References
COVID-19 outbreak management in a mental healthcare setting
Abstract
Since the beginning of the novel coronavirus disease pandemic (COVID-19), inadvertent exposure of hospitalised patients and healthcare workers has been a major concern. Patients in inpatient settings with mental illnesses have also been impacted by the restrictions the pandemic has caused, with many having experienced the confines and loss of liberties that COVID-19 has brought. This article identifies the infection prevention and control measures required in a mental health setting during an outbreak of COVID-19. The focus is on the challenges of working in a mental health setting and identifies the difficulties in containing the infection within this ill-designed built environment and includes the additional pressures of managing this complex and diverse group of patients. Current guidance on outbreak measures is given with particular attention applied to the patients, the practices and the environment.

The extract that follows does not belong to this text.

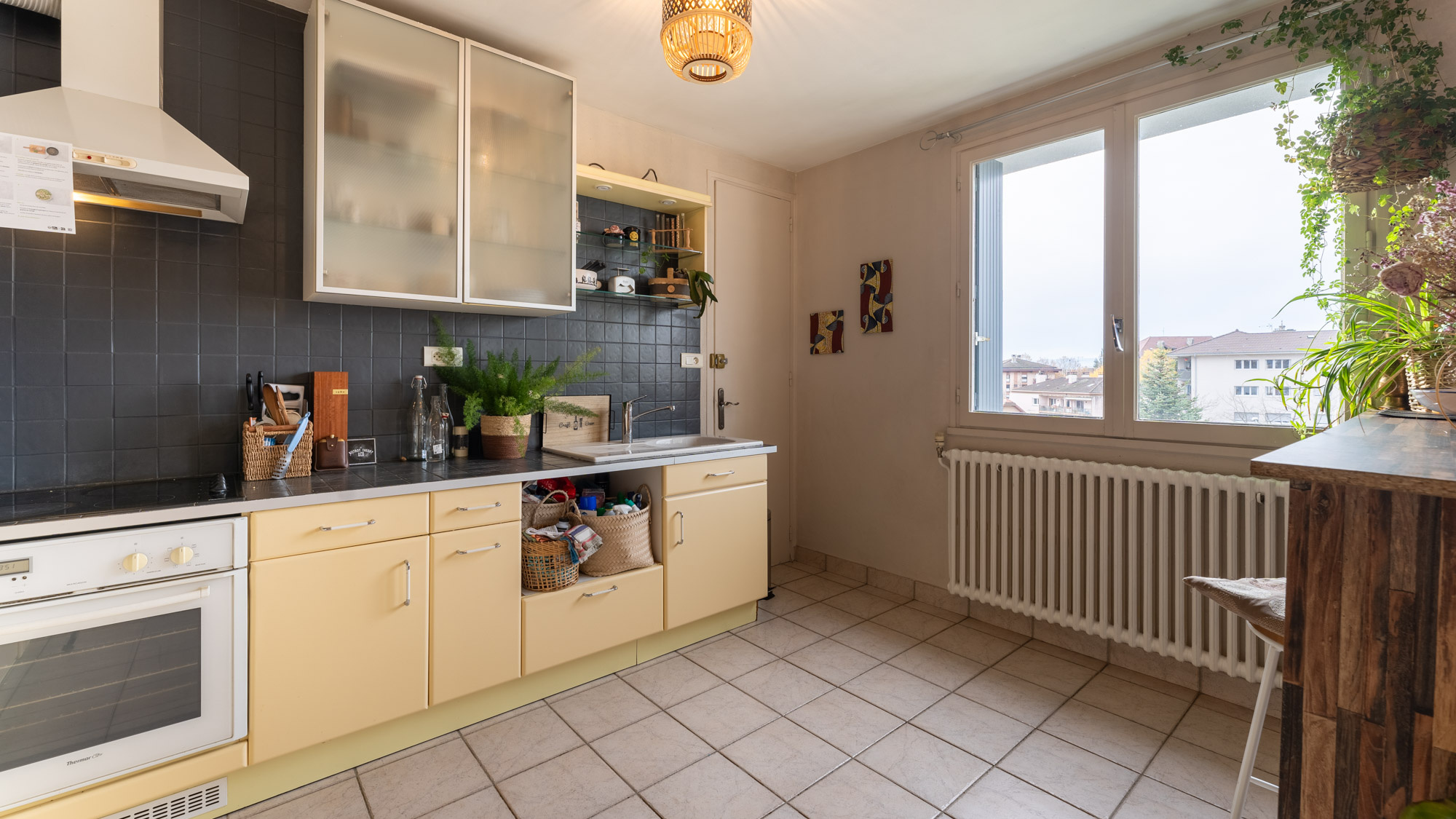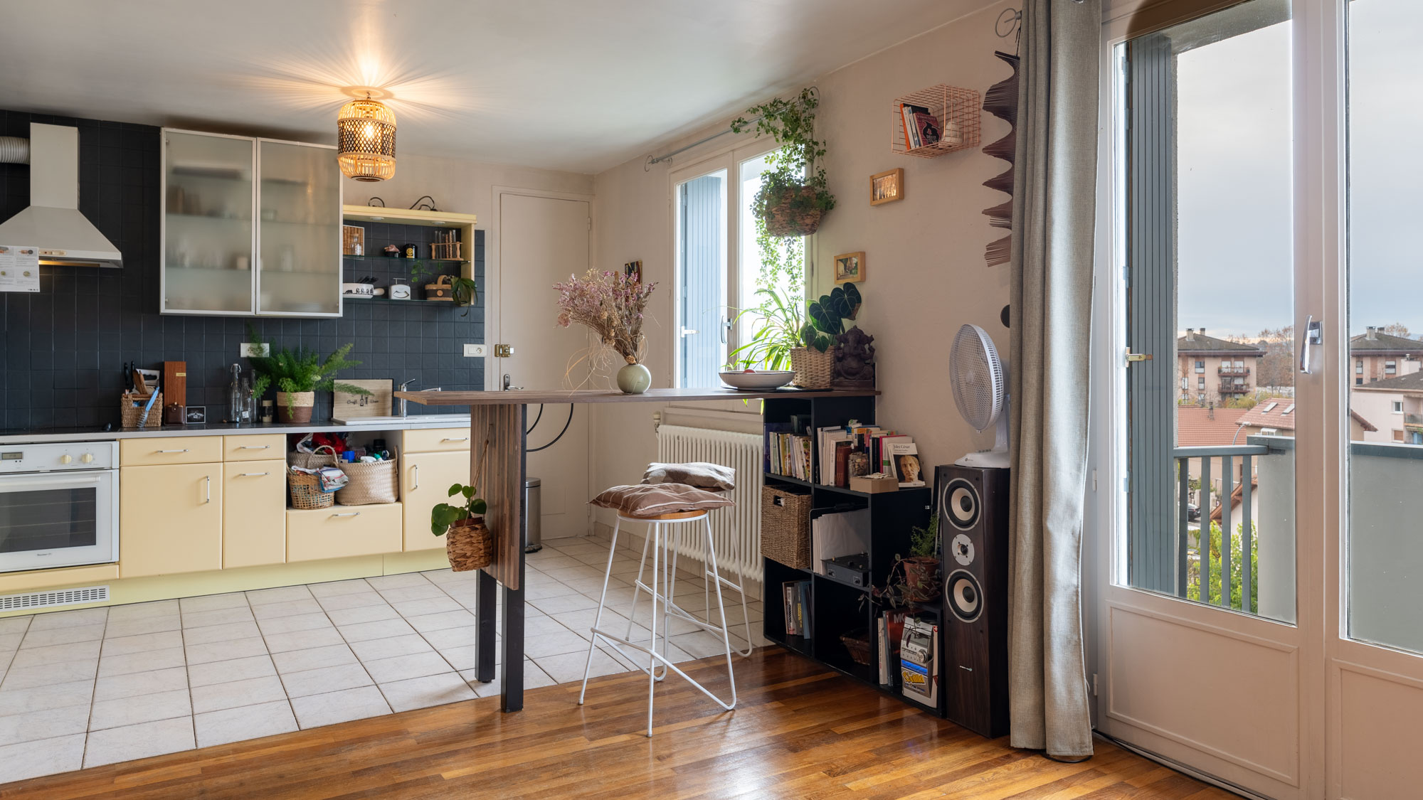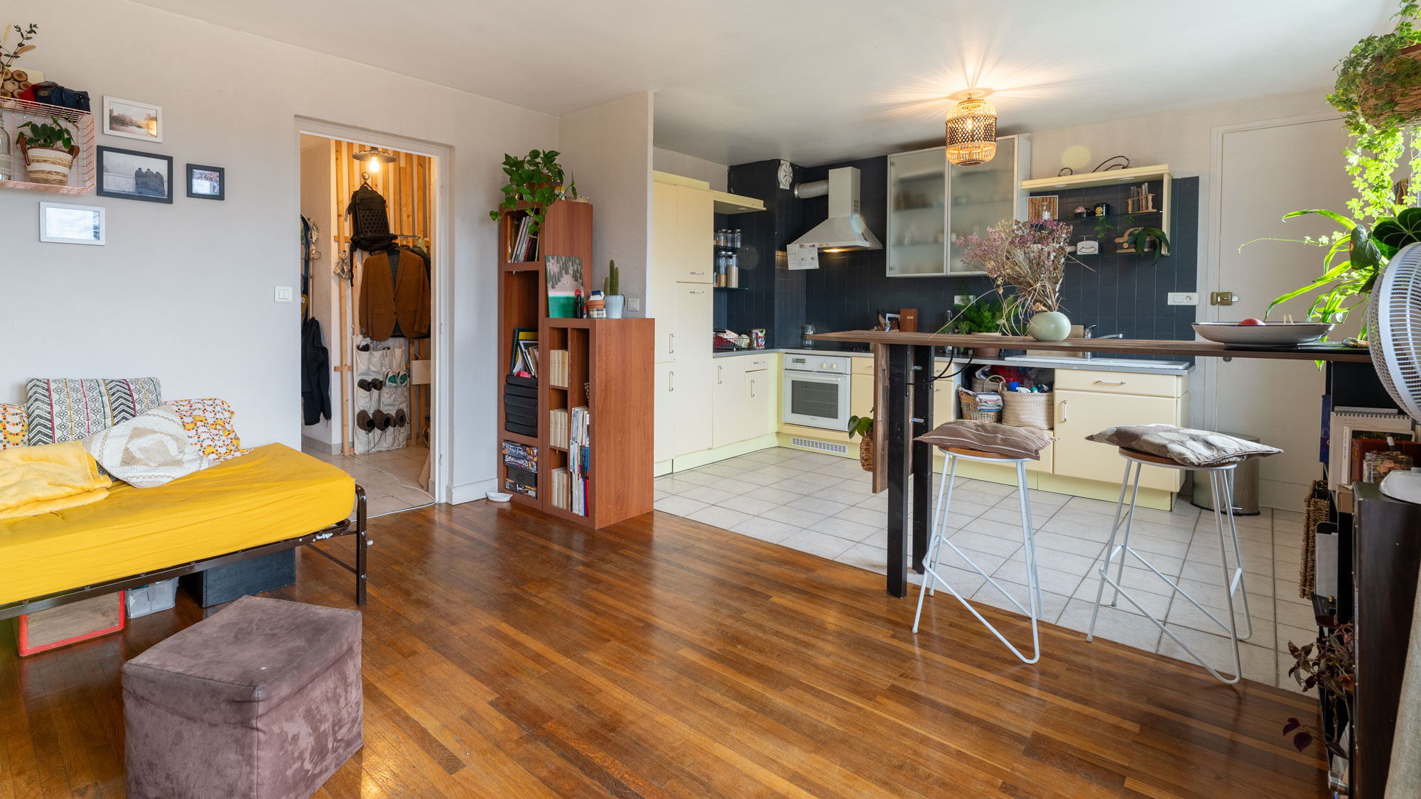 La pièce de vie lumineuse, composée d'un séjour chaleureux et d'une cuisine ouverte, offre un accès direct à un balcon exposé Ouest. Vous profiterez ainsi d'une vue dégagée sur les toits de la ville et de magnifiques couchers de soleil. Une loggia attenante à la cuisine vient compléter cet espace convivial.

In 2020, COVID-19, an infection caused by a novel coronavirus, transmitted significantly on NHS wards, exposing patients to a viral infection that could be fatal and which produced significant implications for patients and healthcare workers (HCWs). Outbreaks placed an additional burden on already stretched resources (Taylor et al, 2020). By early 2020, infection rates had soared in UK hospitals with data published by the Office for National Statistics (ONS) showing a significant increase in mentions of COVID-19 on death certificates in England and Wales (ONS, 2020). The UK had registered 73 621 coronavirus-related deaths before 2021 (Worldometer, 2021). Mental health settings were also severely affected by the fallout of the pandemic, with HCWs trying to control the transmission and suddenly dealing with challenging outbreaks of infections that had not been experienced before and having to treat patients suffering the effects of the virus in a confined environment that was ill-designed for treating patients with such a virus (Rodgers et al, 2021).